Type 3c Diabetes

Type 3c has to do with other types of problems with the pancreas:

2 Likes

Getting hard to keep track of all the different D’s!

1 Like

I thought I was a T3? (Caregiver to a diabetic). Agree with @Eric

“Type 3c diabetes is diabetes that occurs following damage to the pancreas. It is also termed ‘pancreatogenic diabetes’ or ‘diabetes of the exocrine pancreas’. Pancreatic disease is thought to produce a form of diabetes (Type 3c) which has some features similar to Type 1 diabetes (a need for medical insulin relatively soon after diagnosis) and some features similar to Type 2 diabetes (diagnosed in a similar age group and easy to miss unless blood sugar testing is performed).”

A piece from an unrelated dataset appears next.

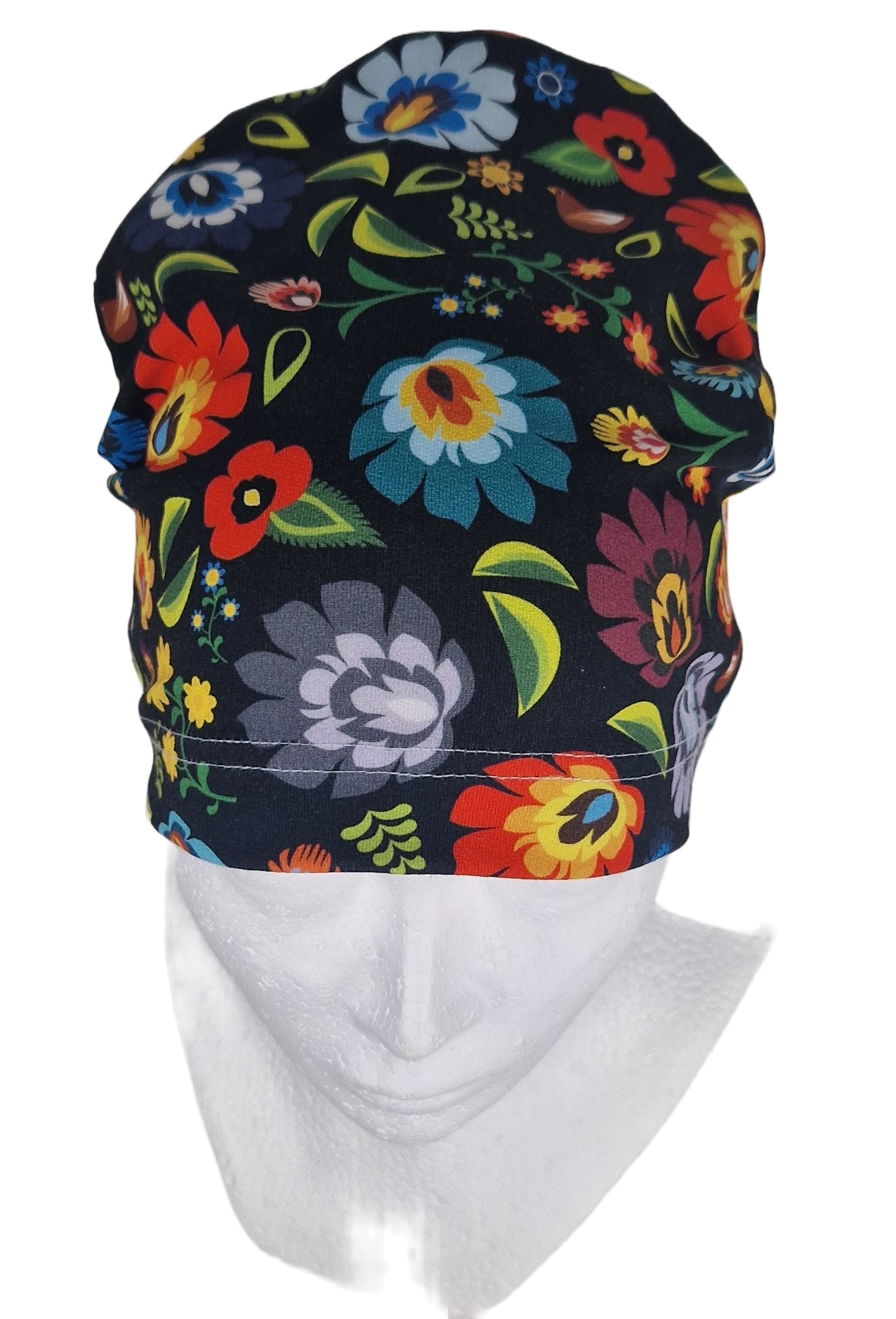 Bawełniana czapka z pięknym folkowym nadrukiem.

Learn something new every day I suppose.

1 Like

And here I thought that T1 was always only in children and T2 was always what it is when you get it as an adult. :stuck_out_tongue_winking_eye:

3 Likes

No, T1 is from eating too much sugar.

2 Likes

I’ve also read of people calling Alzheimer’s Disease “Type 3 Diabetes”

1 Like

Ditto. Started hearing that a couple years ago.

1 Like

I knew someone like this, who had diabetes she believed due to organ damage from (successful) cancer treatments as a child. She had what looked like permanent, earlier LADA, but starting around age 10—she required insulin, but she clearly had some islet cell functioning, since her doses were small and her control very easy relative to a typical T1 (and she was in her mid 20s by the time I met her). Some of the LADA folks I hear maintaining excellent A1cs with relatively minimal effort remind me of her—really does not seem like the same disease I have in some respects.

I met a woman in the endocrinologist’s office when we were all there for the Afrezza rep meeting, and she had adult onset diabetes caused by an organ transplant - I believe she said it was some of the medication that she took to limit the chance of organ rejection. She didn’t need a basal insulin but did require a small mealtime bolus if the meal was carb-y. It made me kinda sad because she was having a hard time remembering to bolus before meals, as she’d gotten this issue around the age of 62 or so (new to her, thus difficult to remember a new habit). Anyhow, it sounded quite different than T1, but nothing like T2. Maybe it was T3.